Let's break down the problem step by step:
- The battleship is traveling east at 40 km/h, so after 2 hours, it would have traveled a distance of 40 km/h * 2 hours = 80 km. This puts the battleship at point C.
- The smaller ship is traveling north at 60 km/h, so after 2 hours, it would have traveled a distance of 60 km/h * 2 hours = 120 km.

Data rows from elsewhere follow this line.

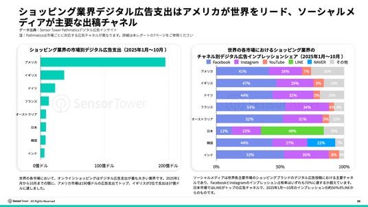 世界的に見て、オンラインショッピングはデジタル広告支出が最も多い業界となっています。2025年1月から10月にかけて、アメリカ市場は190億ドルの広告支出でトップの座を占め、イギリスが37億ドルで続きます。
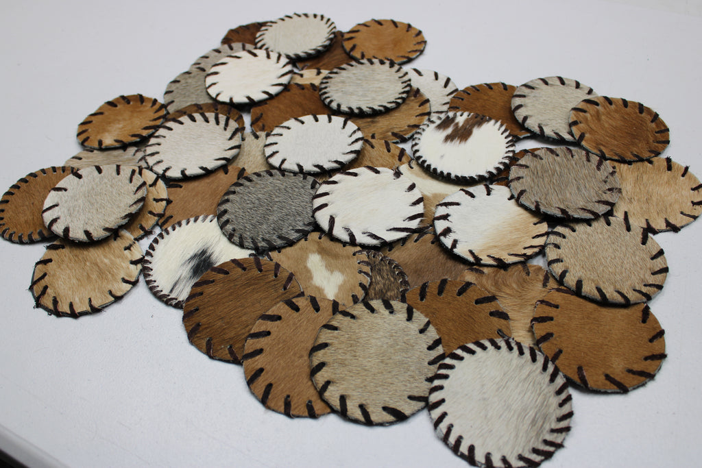 Cowhide Leather Coasters Assorted - Size (4.5 Inches) - Genuine Coaster Designs
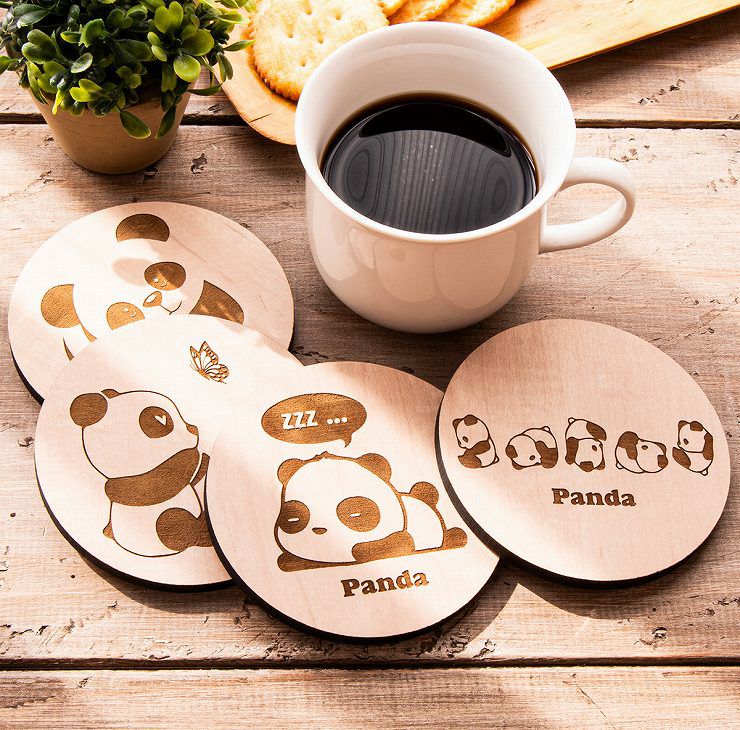 コースター 4枚セット 木製 9種から選べるデザイン パンダ コースター017

This puts the smaller ship at point A.
- The distance between point A and point B is given as 150 km.
- The angle between the direction of the battleship (east) and the line connecting point A and point But (10 degrees north of east) is what we need to find.
To solve for the desired angle, we can use trigonometry. Since we have a right triangle formed by points A, B, and But, we can use the tangent function to find the angle.
Tangent of an angle = opposite / adjacent
In this case, the opposite side is the distance between points A and But (150 km) and the adjacent side is the distance between points But and B.
Let's call the angle we want to find theta. We have:
tan(theta) = opposite / adjacent
tan(theta) = 150 km / adjacent
To find the adjacent side, we need to use the Pythagorean theorem, which states that:
(c^2) = (a^2) + (b^2)
In this case, the adjacent side is the hypotenuse of a right triangle formed by points But, B, and C. So, we have:
adjacent^2 = (80 km)^2 + (h)^2
Now we can substitute this into the equation for the tangent:
tan(theta) = 150 km / sqrt((80 km)^2 + (h)^2)
Solving for theta, we can take the inverse tangent (arctan) of both sides:
theta = arctan(150 km / sqrt((80 km)^2 + (h)^2))
By substituting the given values for the distance between points A and But (150 km), and using the equation for the adjacent side, h, you can calculate the angle theta.